Following table shows the format of the datasets. Columns 1-3 and 7-9 show the coordinates of two genome regions with interactions. The last column can be treated as interaction score. These datasets are based on GRCh37 (hg19) human genome assembly.

chr start end Symbol Ensembl Gene ID expresssion quartile chr start end Symbol Ensembl Gene ID expresssion quartile raw count log(observed/expected)
chr5 140556909 140558389 PCDHB8-001 ENSG00000120322 2 chr5 140558467 140562101 PCDHB16-201 ENSG00000196963 2 338 16.7349171319745
chr3 183266196 183267882 KLHL6-AS1-001 ENSG00000242522 1 chr3 183269400 183277960 KLHL6-001 ENSG00000172578 5 249 16.4555995112416
chr6 26238741 26244133 HIST1H4F-201 ENSG00000198327 5 chr6 26244367 26249842 HIST1H4G-201 ENSG00000124578 1 443 16.2749178680534

We need to convert the datasets to the GIVE supported interaction bed format (the format definition can be found in GIVE Manual). Using simple scripts chic2give.sh and chic2give_directed.sh, we can easily convert them to GIVE interaction bed files, which are named with a prefix give_x_. chic2give_directed.sh is used for promoter-other interactions to assign interaction direction using dirFlag column (see detail in GIVE Manual).

## run these commands in linux shell
# the first two command lines are used for undirected promoter-promoter interactions
bash chic2give.sh TS5_CD34_promoter-promoter_significant_interactions.txt ./
bash chic2give.sh TS5_GM12878_promoter-promoter_significant_interactions.txt ./

# following two command lines are used for directed promoter-other interactions
bash chic2give_directed.sh TS5_CD34_promoter-other_significant_interactions.txt ./
bash chic2give_directed.sh TS5_GM12878_promoter-other_significant_interactions.txt ./

Finally, we got four GIVE interaction bed files,

  • give_x_TS5_CD34_promoter-promoter_significant_interactions.txt,
  • give_x_TS5_CD34_promoter-other_significant_interactions.txt,
  • give_x_TS5_GM12878_promoter-promoter_significant_interactions.txt,
  • give_x_TS5_GM12878_promoter-other_significant_interactions.txt.

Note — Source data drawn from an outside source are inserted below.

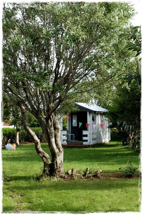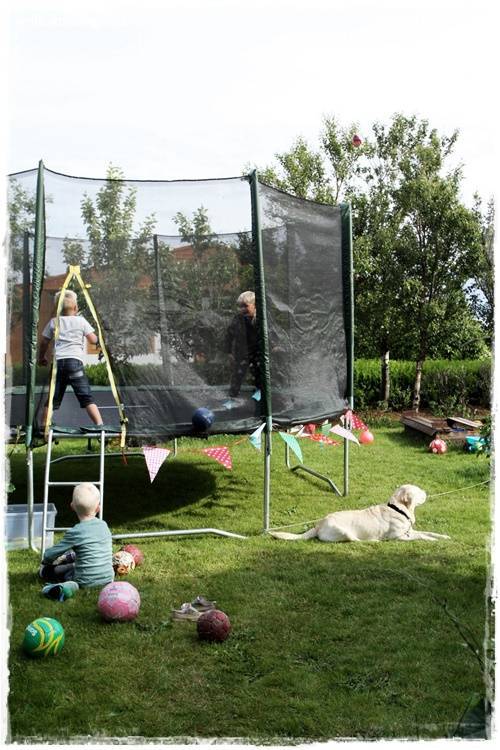 …en krakkarnir voru mest í garðinum, og eiginlega bara helst á trampólíninum…
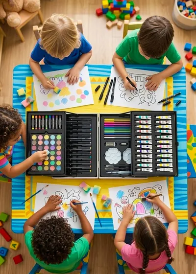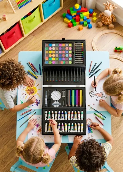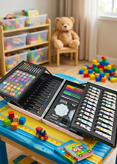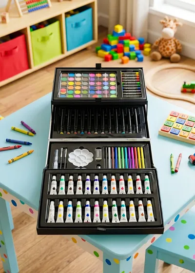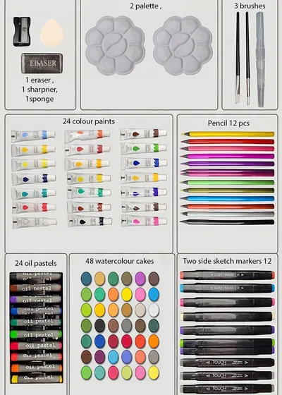The Ultimate All-in-One Kit: Fully loaded with a massive variety of high-quality art supplies, including markers, crayons, watercolor cakes, paint tubes, mixing palettes, brushes, and sketching pencils.
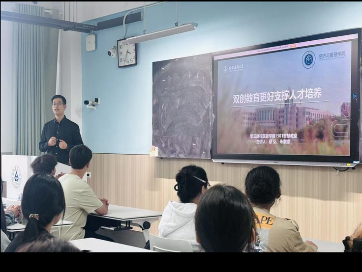 在结束“劳动教育第一课”后,“双创教育第一课”在徽学楼1501教室接续举行。聚焦“双创教育更好支撑人才培养”这一核心主题。蔡弘从顶层设计入手,系统阐释了学院双创工作的目标与原则,并详细介绍了学校支持学生项目的全方位政策与服务保障体系,向新生们传递了学院“全力支持、全程服务”的明确信号与坚定决心。
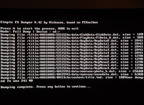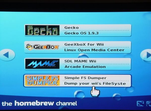 1、首先必须确保安装WiiWare的分区为硬盘第一分区,文件系统我用的FAT32,NTFS未做测试。接着需要用到Simple FS Dumper将主机NAND里的系统文件导出来,以便用于在硬盘上模拟主机系统环境。
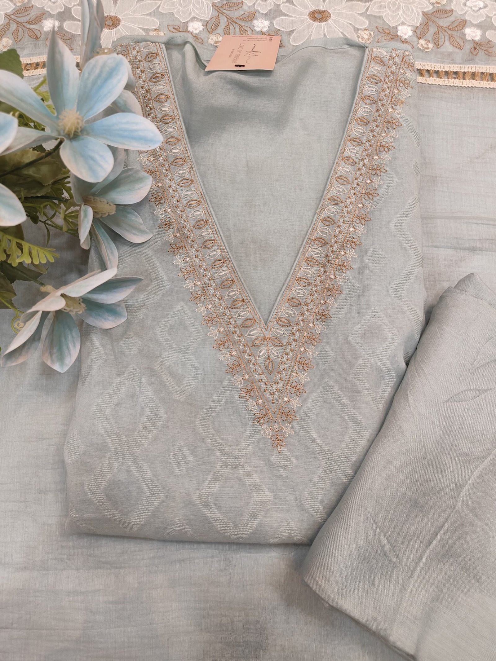 A very light weight summerish unstitched suit with self designing. The neckline is V shaped and is adorned with neat threadwork. The hemline is bordered with creative jute criss-cross lace and floral patchwork and thread work.
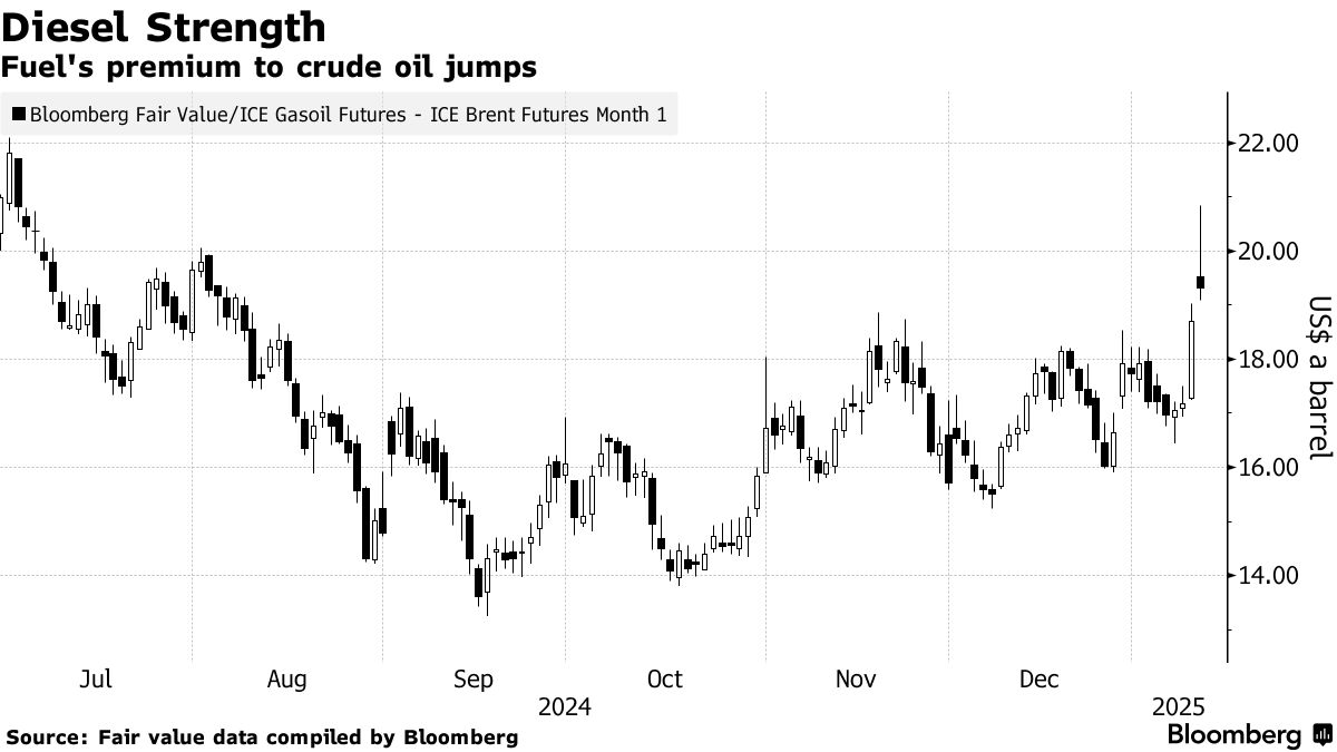 除了最新的制裁,价格还受到美国和欧洲的寒冷天气的支持,这可能会增加对取暖油的需求,而取暖油是整体柴油市场的重要组成部分。
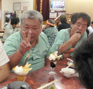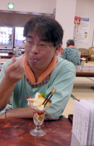 おやじんはのんきにポーズを決めてますが、まなさんがパフェを狙ってるみたい。

The following table shows the GIVE interaction bed format. These datasets can be loaded to GIVE MySQL server.

ID chrom Start End linkID value dirFlag
1 chr20 47889560 47895795 1 16.026310742063 0
2 chr20 47896527 47898203 1 16.026310742063 1
3 chr17 79827812 79838989 2 15.548584214411 0
4 chr17 79848037 79871266 2 15.548584214411 1
5 chr17 27046828 27048611 3 15.5357777367182 0
6 chr17 27048612 27049990 3 15.5357777367182 1

Build track in MariaDB

You need a server to build a genome browser with GIVE. Please read the prerequisites and configuration of GIVE server. In that tutorial page, you will also learn how to prepare MariaDB database and the GIVE Toolbox has information on how to build a reference genome for GIVE. When you have prepared MariaDB and build a hg19 database, you can use GIVE_chicTrack.sql file and following command template to load all the datasets to MariaDB and build the tracks.

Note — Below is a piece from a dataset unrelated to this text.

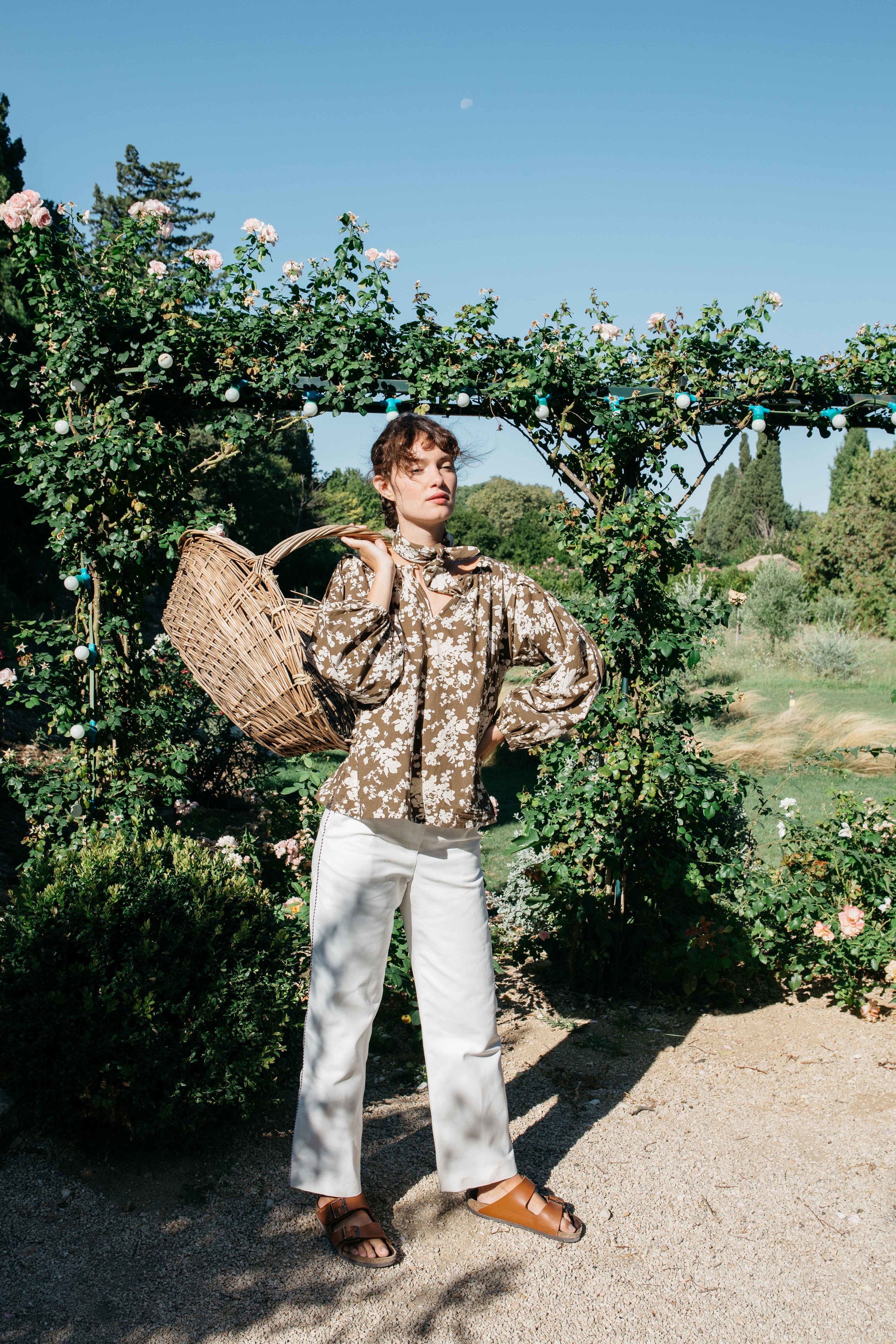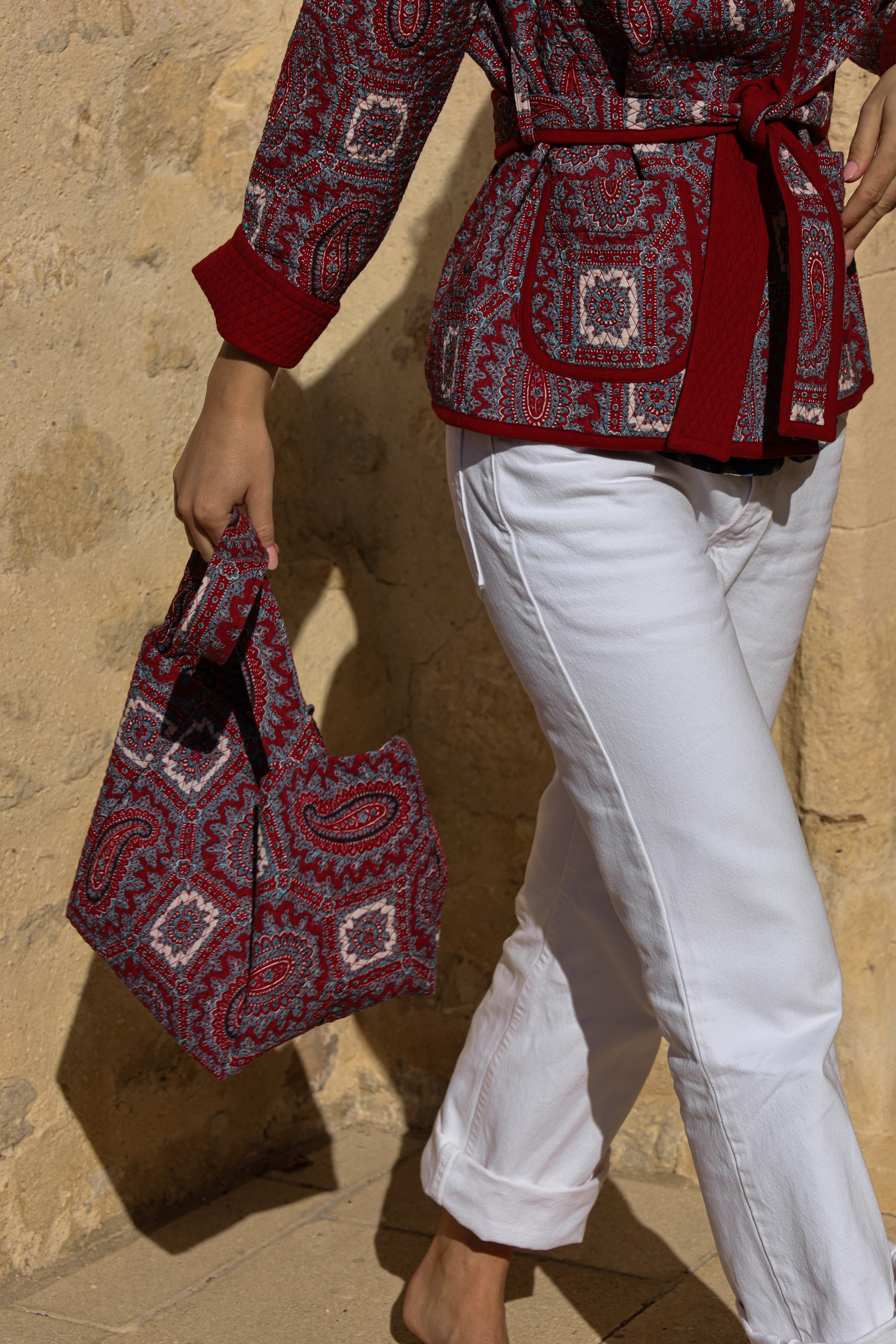 Ramatuelle silk trousers in Paisley Bronze with a Bordeaux background

## run these commands in linux shell
# change `<your user name>` to your user name of MariaDB
mysql -u `<your user name>` -p <./GIVE_chicTrack.sql

Build genome browser

When you have built tracks in MariaDB, it's very easy to build a genome browser. The following code is what we used to build our demo. You can just copy and paste it in jsfiddle and then you can get the genome browser supported by our GIVE server. If you have built the tracks on your own GIVE server, you only need to replace the url in the code with your own server's url.

<!-- change the url to your own server path -->
<script src="https://www.givengine.org/libWC/webcomponents-lite.min.js"></script> 
<!-- change the url to your own server path-->
<link rel="import" href="https://www.givengine.org/lib/chart-controller/chart-controller.html">
<!-- Embed the browser in your web page -->
<chart-controller title-text="long-range promoter contacts with capture Hi-C" 
    ref="hg19" num-of-subs="2" 
    coordinate='["chr18:19140000-19450000", "chr18:19140000-19450000"]' 
    group-id-list='["genes", "CHi-C_promoter", "customTracks"]'>
</chart-controller>

You can read this tutorial to learn how to simply tweak the genome browser. Our demo is based on the tweaked give_chic.html html file.